Blue-green: When you need zero-downtime deploys with instant rollback, and you can afford double the infrastructure. Good for monoliths and applications where the deploy unit is large.
Rolling update: The default for Kubernetes workloads. Good when you have multiple replicas and want gradual rollout without extra infrastructure. Rollback is slower than blue-green.
Canary: When you need fine-grained traffic control and metric-driven promotion. Best for high-traffic services where you want to detect issues at low exposure. Requires good observability.
Feature flags: When you want to decouple deployment from release. Best used alongside one of the above strategies, not as a replacement.
The common thread: every strategy except "replace and pray" requires that your application can run two versions simultaneously. That means backward-compatible database migrations, API versioning, and stateless application servers. If your application cannot handle two versions coexisting, fix that first -- it is a prerequisite for any safe deployment strategy.
Rollback Procedures
Every deployment plan needs a rollback plan. Document it, test it, and make sure it can be executed under pressure (at 3 AM, by the person on call who did not write the code).
For blue-green: switch traffic back to the old environment.
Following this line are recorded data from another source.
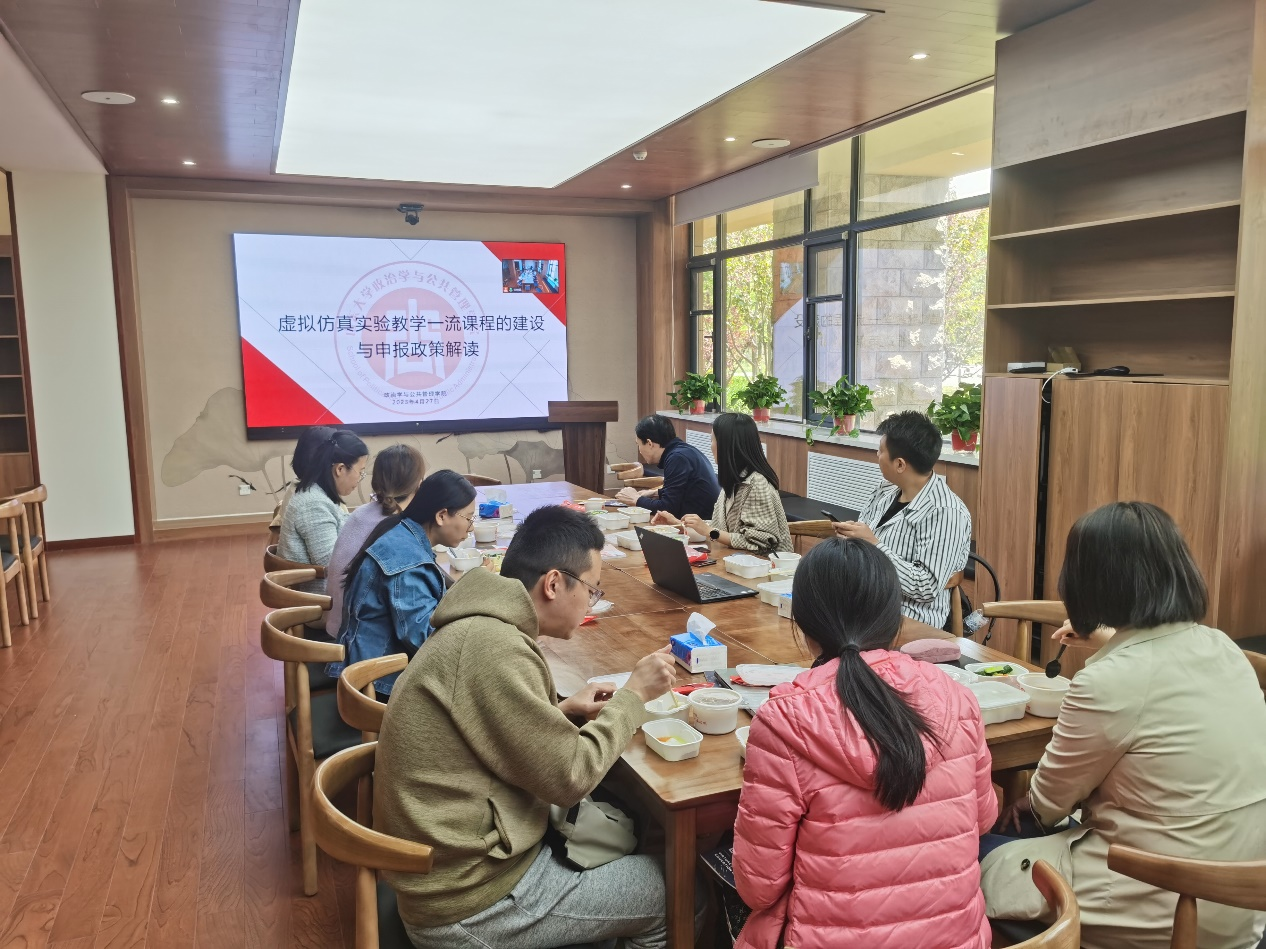 4月27日中午12点,政管学院虚拟仿真实验教学一流课程建设与申报政策解读专题培训会在华岗苑南楼一楼新时代美德书屋召开。本次专题培训邀请北京百朋索奇科技有限公司司蛟峰老师和青岛唯唯视界教育科技有限公司李洪伟老师主讲,会议由学院分管本科教学副院长赵婷老师主持,学院各专业十余名教师参加。
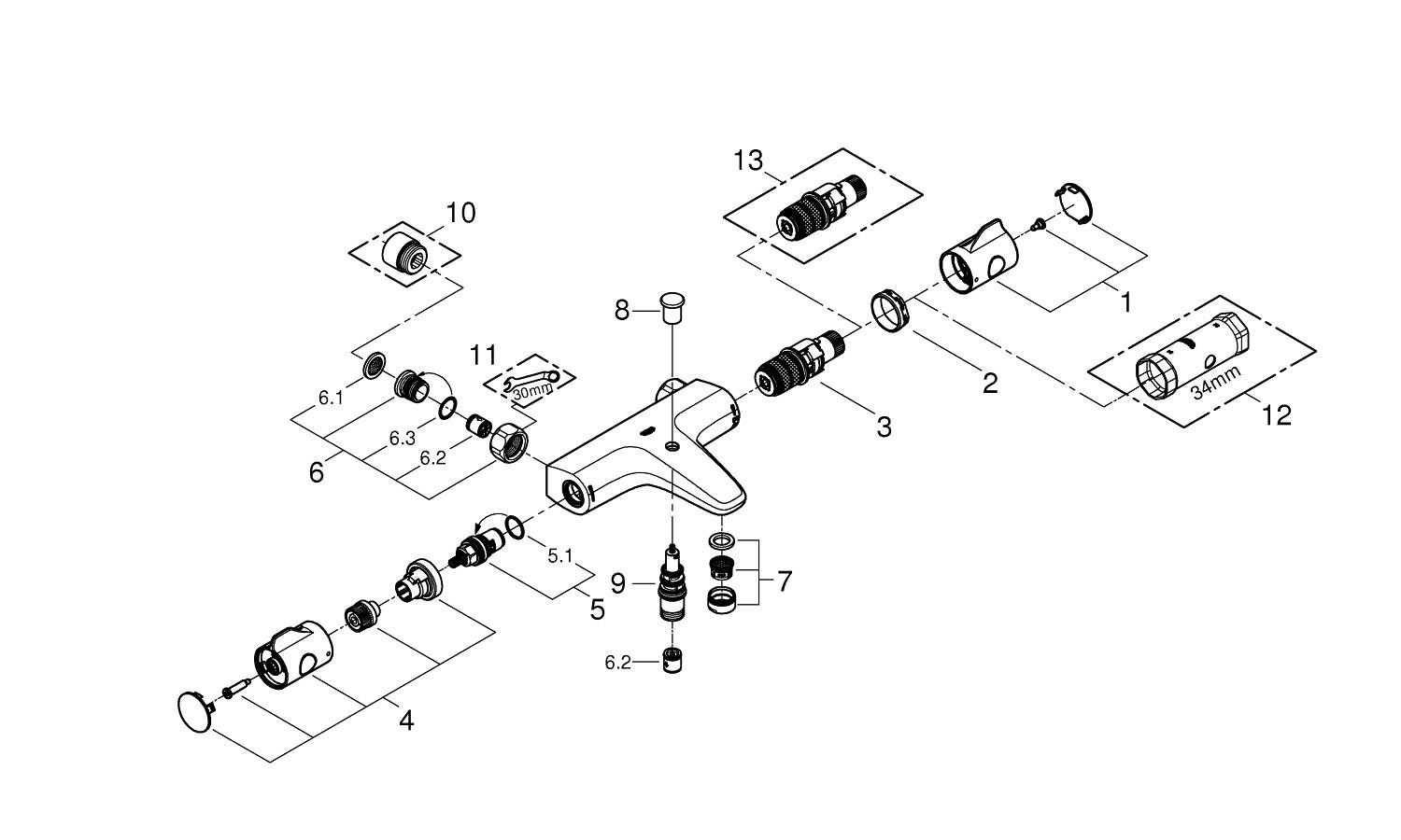 Grohtherm 800 badthermostaat 150mm Matte Black (mat zwart) excl. S-koppelingen (prof) Grohe
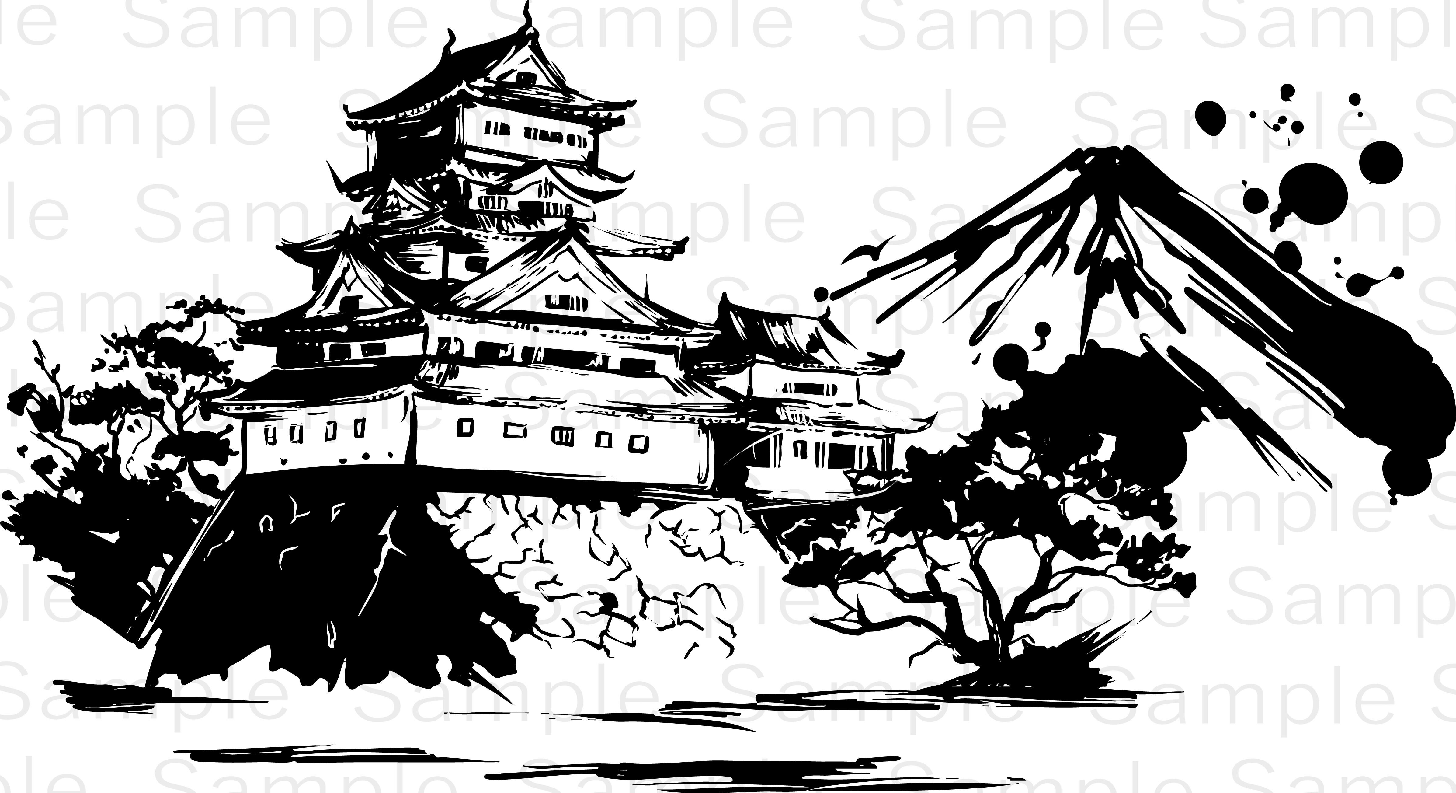 城・山・自然・歴史・墨絵・水墨画・和風・風景・静寂などをテーマにしたデザインにおすすめです。
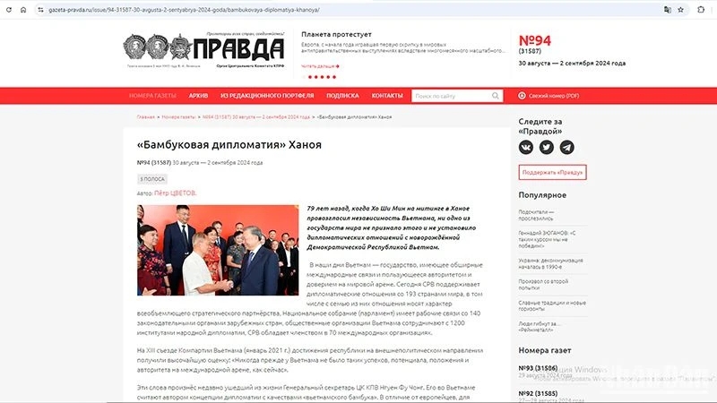 Bài viết của tác giả Peter Tsvetov trên Báo "Sự thật" của Đảng Cộng sản Liên bang Nga. (Ảnh chụp màn hình)
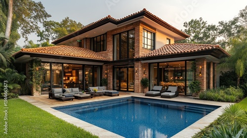 Luxury home with pool, patio, and lush landscaping at sunset.
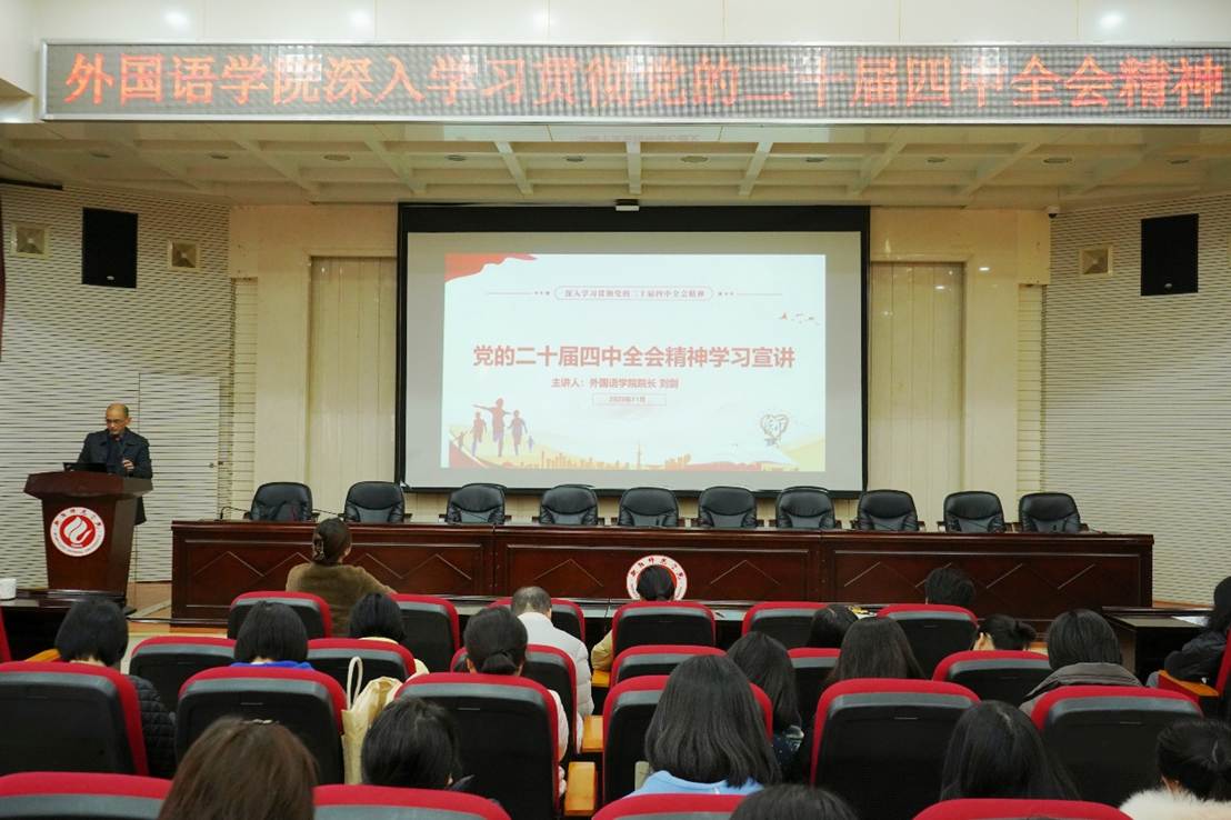 为进一步提升教师的政治素养与育人能力,深入学习贯彻党的二十届四中全会精神,11月24日下午15:00,yL23411永利集团官网登录院长刘剑在外语楼北311开展《党的二十届四中全会精神学习宣讲》专题党课,全体教师党员到场认真听讲。
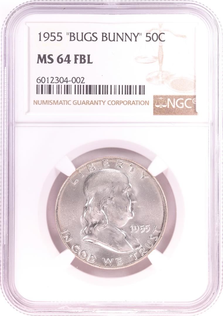 One 1955 "Bugs Bunny" Franklin Half Dollar Coin NGC MS64FBL. NGC Certified.
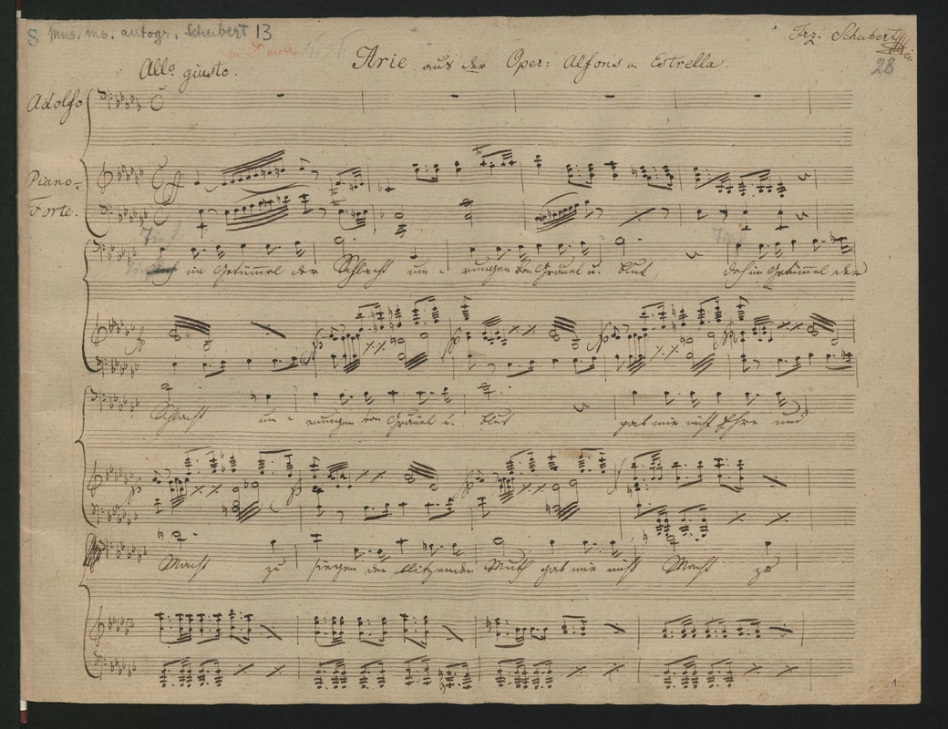 | Extra Information | The overture to this opera (here only in Schubert's own piano reductions) was used as the overture to Rosamunde, D.797 in this edition, because Schubert did so before he replaced it by the overture to Die Zauberharfe, D.644. |
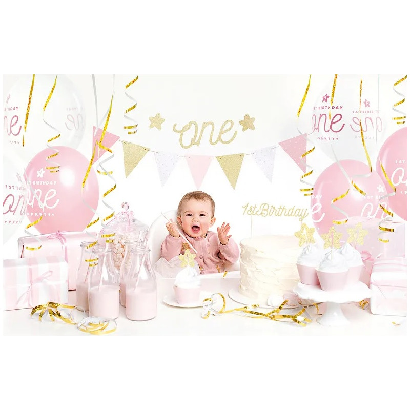 Gimtadienio šventės dekoracijos 1-ojo gimtadienio rinkinys rožinė ir auksinė
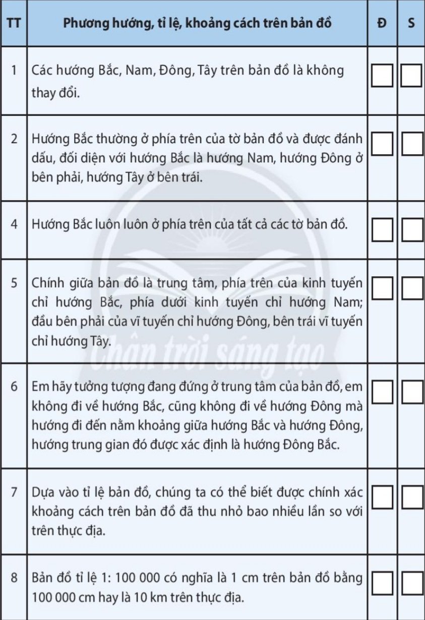 Những ý sau đây đúng (Đ) hay sai (S)? Đánh dấu X vào các ô tương ứng bên cạnh mỗi ý.
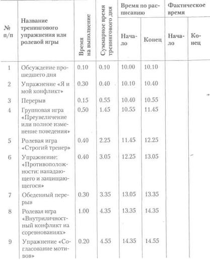 220 Розділ 4. Соціально-психологічне забезпечення Тема 3. Методи формування і вивчення командної згуртованості 221 Методичне вказівку. Крім тренінгово-ігрових вправ у СПТ і навчальних завдань в програму соціально-психологічного тренінгу можуть бути включені психодіагностичні методи. Це різного роду анкети і тести, спрямовані на вивчення особистісних якостей учасників тренінгу, на оцінку їхньої задоволеності своєю участю у тренінгу, на психологічну допомогу в усвідомленні учасниками СПТ своїх слабких і сильних сторін, що виявляються в конфліктній взаємодії. Завершення роботи. Запропонована програма СПТ для попередження та вирішення конфліктів у взаєминах спортсменів апробована на студентах-спортсменах СПбГАФК ім. П. Ф. Лесгаф-та, має спеціалізовану спрямованість і призначена для роботи з кваліфікованими спортсменами і тренерами, а також для підготовки молодих спортивних фахівців у фізкультурно-педагогічному вузі. Застосування даної програми СПТ в системі психологічної допомоги висококласним спортсменам, наприклад, в умовах УТС, допоможе їм ефективніше долати внутрішні труднощі міжособистісного спілкування з тренерами і один з одним, попереджати безліч конфліктних ситуацій, пов'язаних як з їх професійною спортивною діяльністю, так і з ситуаціями спілкування , що не мають прямого відношення до неї.
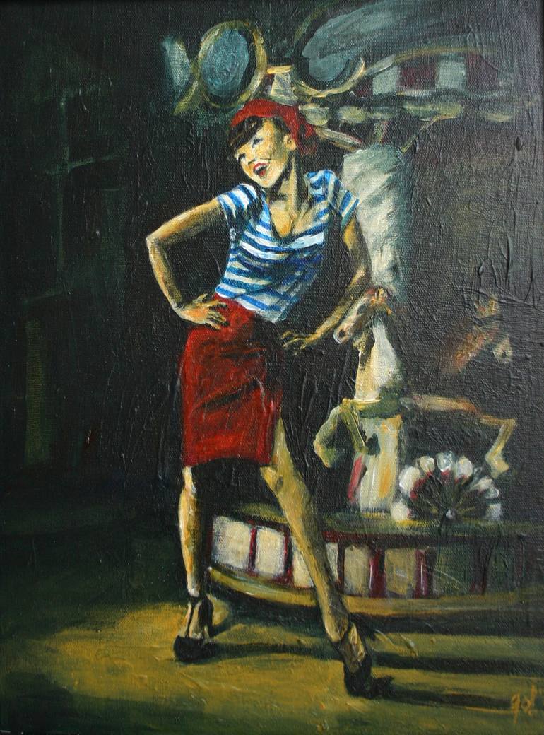 I have made this painting for the collection 'Between Art & Kitsch'. It is a fun painting with a bit of nostalgia. It reminds of the 1920s and looks a bit like a pin-up. In the background is a bit of the carnival showing. The body of the pretty girl takes most of the light. It makes the blue and red...
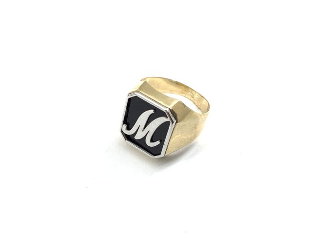 sello oro 9k con piedra con onix
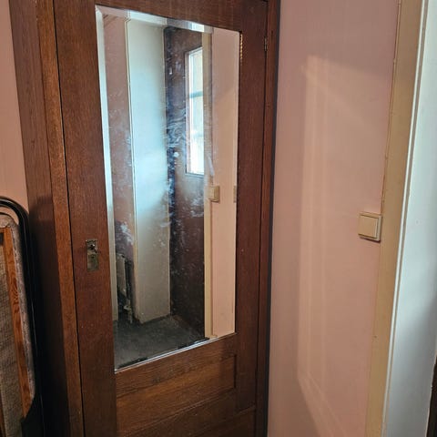 Linneskåp i trä med spegeldörrar, antikt. Obs har ej måtten, men ca 2 meter högt, 1,5 meter brett och 1 meter djupt. Obs uppskattning.

Test this switch regularly.
For canary: set the canary weight to 0 and scale down the canary deployment.
For rolling update: kubectl rollout undo or redeploy the previous version.
For feature flags: turn off the flag. This is the fastest rollback mechanism -- no deployment, no infrastructure changes, just a flag flip.
The best deployment strategy is the one your team actually understands and can execute confidently. A simple rolling update that everyone knows how to roll back is better than a sophisticated canary setup that nobody can debug at 3 AM.